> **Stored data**
BEGIN

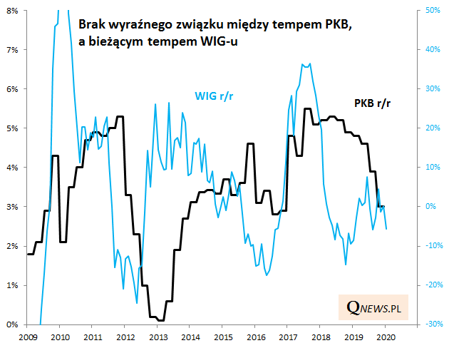 Byłaby to bez wątpienia zła wiadomość, gdyby dynamika PKB mniej więcej pokrywała się z dynamiką giełdowego indeksu. W rzeczywistości, szczególnie po globalnym kryzysie (2009), relacja wydaje się mało klarowna. Zauważmy, że dynamika WIG-u ostro zjechała w dół już na przestrzeni 2018 roku, czyli zanim jeszcze ekonomiści zdołali dostrzec na horyzoncie spowolnienie gospodarcze (wręcz przeciwnie, dominowały wtedy raczej bardzo optymistyczne opinie).
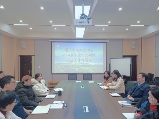 为了让2024届毕业生增强安全防范意识,进一步加强学院安全管理工作,3月5日下午,实验中心2024届毕业论文期间安全工作专题会在理工楼201会议室召开,理工学院院长肖生发、教学副院长李晓严、实验中心主任杨潇剑和化学教研室及生物教研室全体教师出席了此次会议,杨潇剑主持了会议。
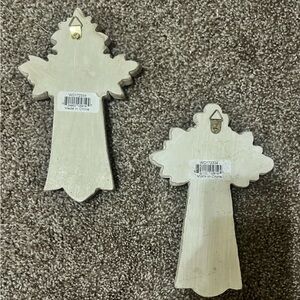 Set of two decorative stone crosses with inspirational quotes. Elegant design with intricate details. Perfect for home decor.
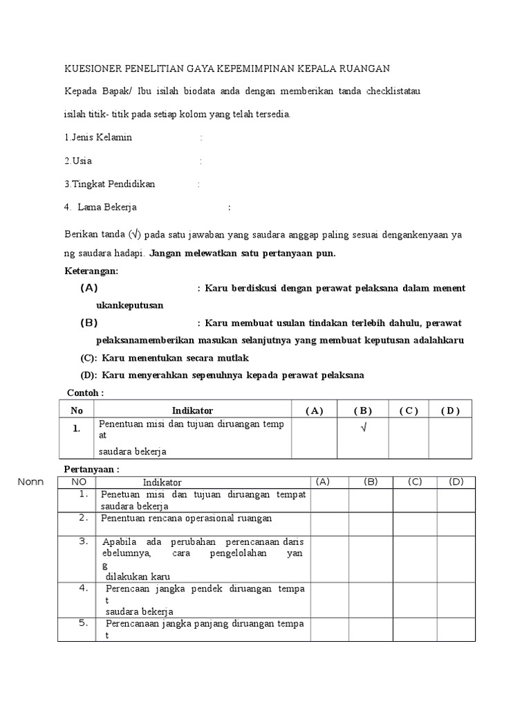 Kuesioner pengaruh gaya kepemimpinan dan kompensasi terhadap kinerja karyawan pada perusahaan konveksi cipta karsa anugerah pati pengantar demi tercapainya penelitian ini maka penyusun mohon kesediaan dari bapakibusaudara untuk membantu mengisi angket atau daftar pertanyaan yang telah disediakan. Kuesioner budaya organisasi views hasil ujicoba kuesioner burnout views hasil ujicoba kuesioner. Referensi daftar pertanyaan kuesioner tentang pengaruh gaya kepemimpinan terhadap kinerja pegawai pt pln distribusi jawa barat dan banten jl. Kuesioner ini merupakan kuesioner yang penulis susun dalam rangka pelaksanaan penelitian. Kuesioner gaya kepemimpinan model hersey blanchard. Al ijarah indonesia finance lampung skripsi diajukan untuk melengkapi tugas tugas dan memenuhi syarat syarat guna memperoleh gelar sarjana s1 dalam ilmu dakwah.
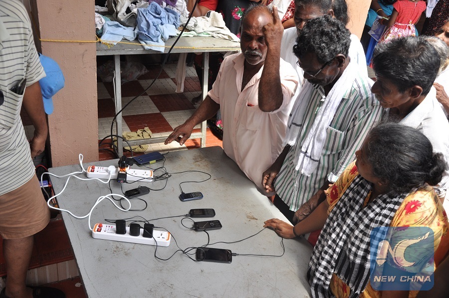 People in flood-hit India's southern state of Kerala charge their mobile-phones at a relief camp inside the 'Parumala Seminary' in Chengannur area. (Xinhua/Stringer)
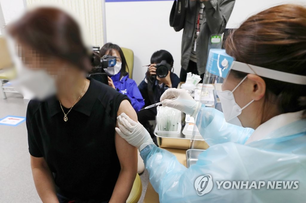 | ▲ A medical worker gives an AstraZeneca vaccine shot to a person in Seoul on April 12, 2021. (Yonhap) |
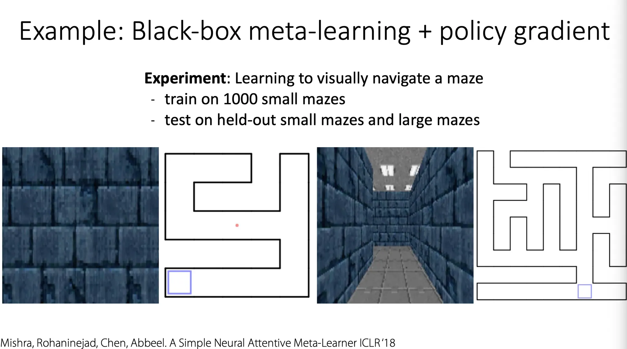 Black-box meta-learning의 경우에는 어떨까? 이 경우도 마찬가지이다. 위 예시는 미로를 푸는 meta-learner의 학습에 policy gradient를 적용했다.
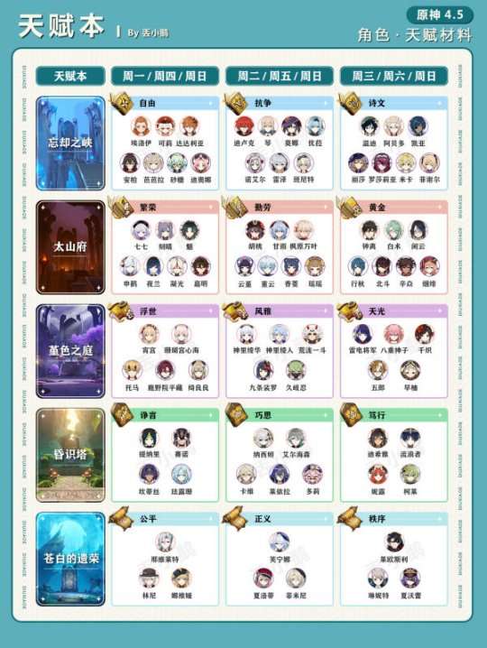 软件提交 专题合集 热门手游原神4.5 角色突破/天赋材料一览表。
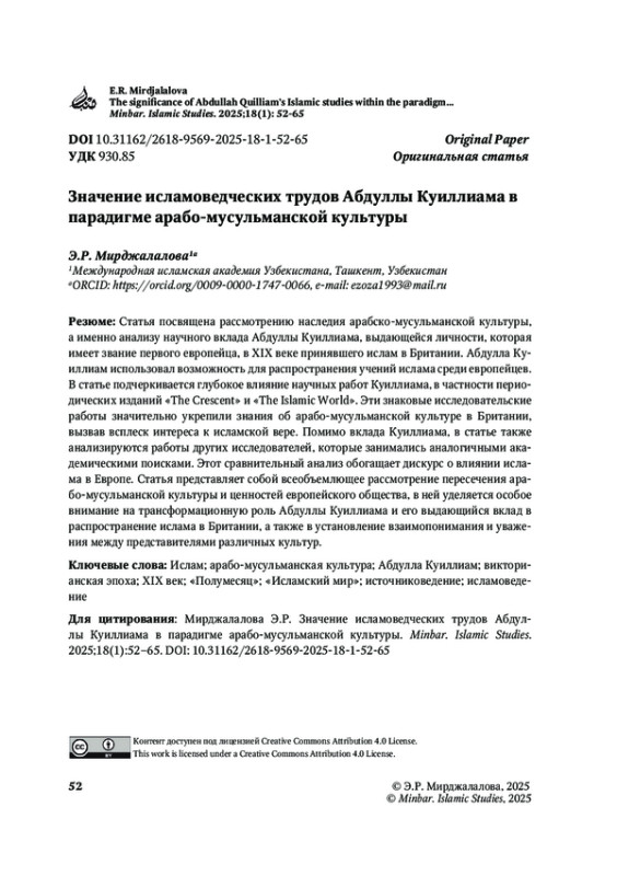 Статья посвящена рассмотрению наследия арабско-мусульманской культуры, а именно анализу научного вклада Абдуллы Куиллиама, выдающейся личности, которая имеет звание первого европейца, в XIX веке принявшего ислам в Британии. Абдулла Куиллиам использовал возможность для распространения учений ислама среди европейцев. В статье подчеркивается глубокое влияние научных работ Куиллиама, в частности периодических изданий «The Crescent» и «The Islamic World». Эти знаковые исследовательские работы значительно укрепили знания об арабо-мусульманской культуре в Британии, вызвав всплеск интереса к исламской вере. Помимо вклада Куиллиама, в статье также анализируются работы других исследователей, которые занимались аналогичными академическими поисками. Этот сравнительный анализ обогащает дискурс о влиянии ислама в Европе. Статья представляет собой всеобъемлющее рассмотрение пересечения арабо-мусульманской культуры и ценностей европейского общества, в ней уделяется особое внимание на трансформационную роль Абдуллы Куиллиама и его выдающийся вклад в распространение ислама в Британии, а также в установление взаимопонимания и уважения между представителями различных культур.
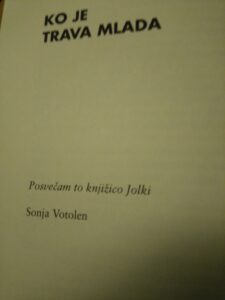Jooj,kako je protestirala, da bi bila zbirka posvečena njej. Ampak tedaj sem si drznila upreti njeni ostrosti. Zbirka je bila tik pred izidom, moj pogoj pa je bil: »V knjigi mora biti posvetilo tebi, Jolka, ali pa naj knjiga ne izide. Tako bom sporočila v Salerno«.
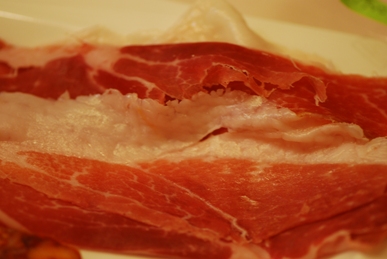 「イベリコ・デ・ベジョータ」(ハブーゴ産ベジョータの24ヶ月)。公式サイトによると「1月10日(土)現在カットしている固体、超絶濃厚です!このメーカーのこの熟成度からするとここが天井ではないでしょうか。ただこのぐらいのレベルは毎回続きません。ベジョータもイタリア・プロシュット同様、固体差や切る位置、保管状況によりがもにすごく差が出ます。」とのこと。
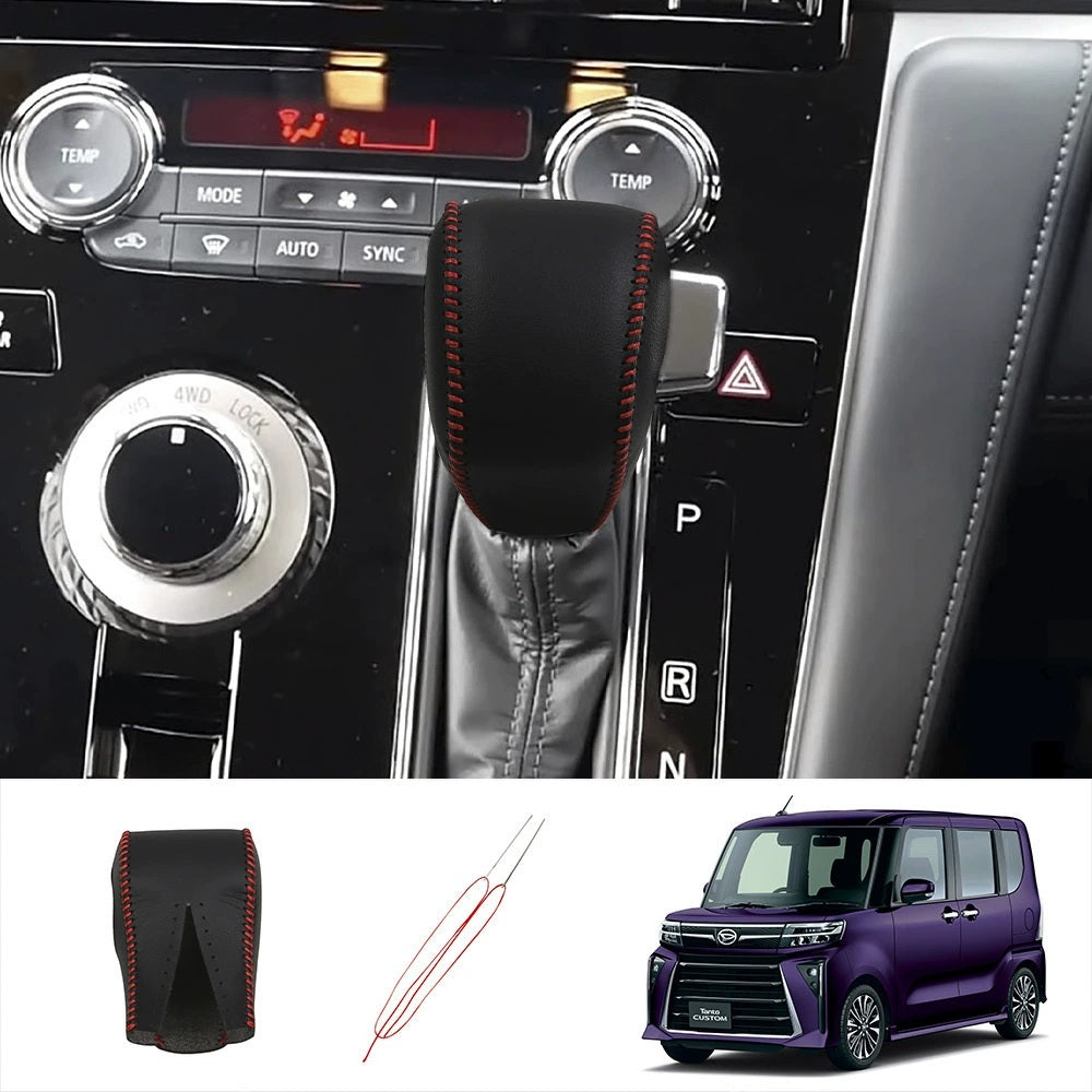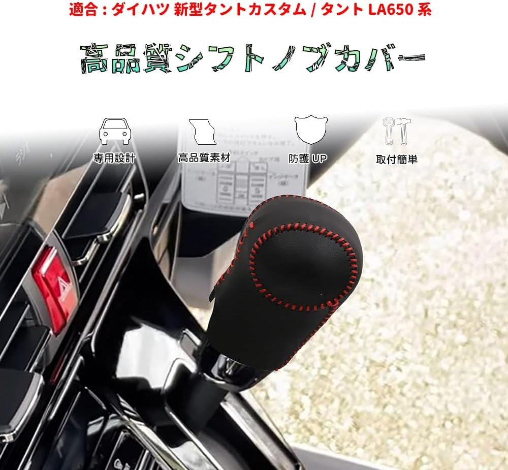 シフトノブカバー 専用 ダイハツ 新型タント カスタム LA650S LA660S LA650系 (2019年7月~現行) シフトグリップカバー 内装 アクセサリー カスタム パーツ カー シフト ノブ カバー 用品 防湿性 防水性 汚れ 傷 防止 簡単 取付 車 車用品 レザー 素材 レッドステッチ
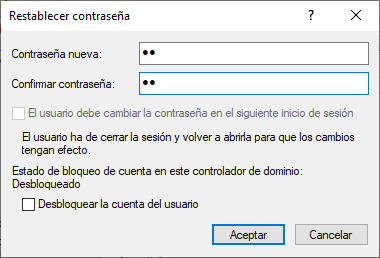 Deshabilitamos los requisitos de complejidad y establecemos una longitud mínima de 2 caracteres.

END

> **THE PROBLEM**
Output exactly the lines from the one containing "Jooj,kako je protestirala, da" through the last line of the records above, both included, leaving out any pictures.

> **ANSWER TO THIS EXERCISE**
Jooj,kako je protestirala, da bi bila zbirka posvečena njej. Ampak tedaj sem si drznila upreti njeni ostrosti. Zbirka je bila tik pred izidom, moj pogoj pa je bil: »V knjigi mora biti posvetilo tebi, Jolka, ali pa naj knjiga ne izide. Tako bom sporočila v Salerno«.
 「イベリコ・デ・ベジョータ」(ハブーゴ産ベジョータの24ヶ月)。公式サイトによると「1月10日(土)現在カットしている固体、超絶濃厚です!このメーカーのこの熟成度からするとここが天井ではないでしょうか。ただこのぐらいのレベルは毎回続きません。ベジョータもイタリア・プロシュット同様、固体差や切る位置、保管状況によりがもにすごく差が出ます。」とのこと。
 シフトノブカバー 専用 ダイハツ 新型タント カスタム LA650S LA660S LA650系 (2019年7月~現行) シフトグリップカバー 内装 アクセサリー カスタム パーツ カー シフト ノブ カバー 用品 防湿性 防水性 汚れ 傷 防止 簡単 取付 車 車用品 レザー 素材 レッドステッチ
 Deshabilitamos los requisitos de complejidad y establecemos una longitud mínima de 2 caracteres.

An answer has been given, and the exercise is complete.